E’ possibile un ripensamento serio su quanto è avvenuto, lontano da polemiche e “rimpalli”? Se lo chiede – e lo chiede alla politica e alle istituzioni – la Segreteria provinciale dei Pensionati Cisl in un’approfondita riflessione sulle “drammatiche vicende di questi mesi” avvenute nella sanità e nelle Case di riposo.

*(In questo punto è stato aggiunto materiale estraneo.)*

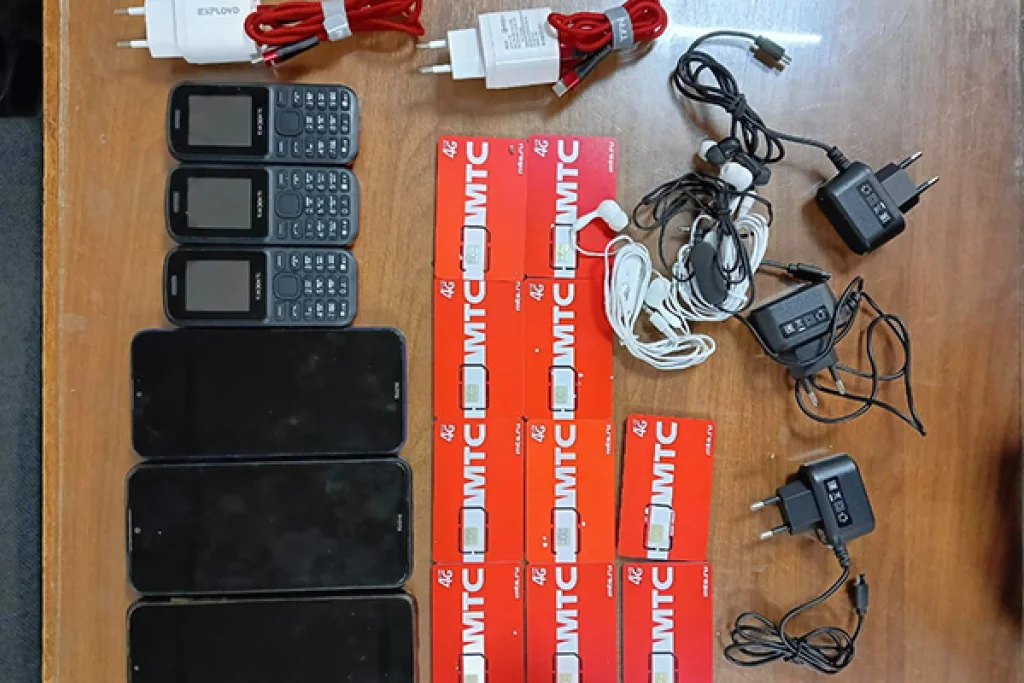 Внутри пакетов нашли 5 мобильных телефонов, 11 сим-карт различных операторов сотовой связи, 5 зарядных устройств и 3 пары наушников.

L’emergenza Coronavirus – scrivono Giuseppe Orizio, Giovanna Mantelli e Battista Alghisi “ha messo in luce i limiti e le contraddizioni di un modello di sanità già in sofferenza tra chiusura di strutture, riduzioni di personale, privatizzazioni, finanziamenti inadeguati”.

 

DA REGIONE LOMBARDIA UNA CHIUSURA AUTOREFERENZIALE

La Segreteria della Fnp Cisl punta il dito contro “la chiusura autoreferenziale di Regione Lombardia ed i limiti di ATS” che hanno determinato “la povertà di risorse territoriali, la mancata integrazione tra servizi sociali e socio sanitari, l’attenzione concentrata su interventi specialistici e ospedalieri che hanno lasciato allo sbando la medicina territoriale”.

 

POLEMICHE NO, OCCORRE UN SERIO RIPENSAMENTO

Il sindacato dei Pensionati Cisl mette in chiaro di non essere in cerca di polemiche ma di pretendere una riflessione seria, un ripensamento complessivo: “Abbiamo ora bisogno di saper riconoscere gli errori per riuscire ad affrontare una ripartenza che ci trovi più forti e consapevoli dei rischi e più efficaci ed immediati negli interventi mirati”.

 

SCONCERTO PER IL DRAMMA NELLE RSA

Orizio, Mantelli e Alghisi ribadiscono la preoccupazione per la situazione che si era generata nelle fase più acute dell’emergenza nelle RSA e RSD, con la drammatica contabilità di contagi e di decessi, “nonostante lo sforzo encomiabile messo in atto da tutto il personale a fronte dei ritardi ingiustificati da parte di ATS nel fornire le dotazioni di  protezione individuale.

 

IL SILENZIO DELLA PREFETTURA

Certo non aiuta il silenzio delle istituzioni (“Sulla drammatica situazione nelle Rsa della nostra provincia abbiamo unitariamente inviato una lettera al Prefetto di Brescia per chiedere un incontro; lettera che a tutt’oggi non ha avuto alcuna risposta”) anche perché la situazione continua a peggiorare (“E’ necessario indagare a fondo su eventuali responsabilità, negligenze ed inefficienze, ad ogni livello”).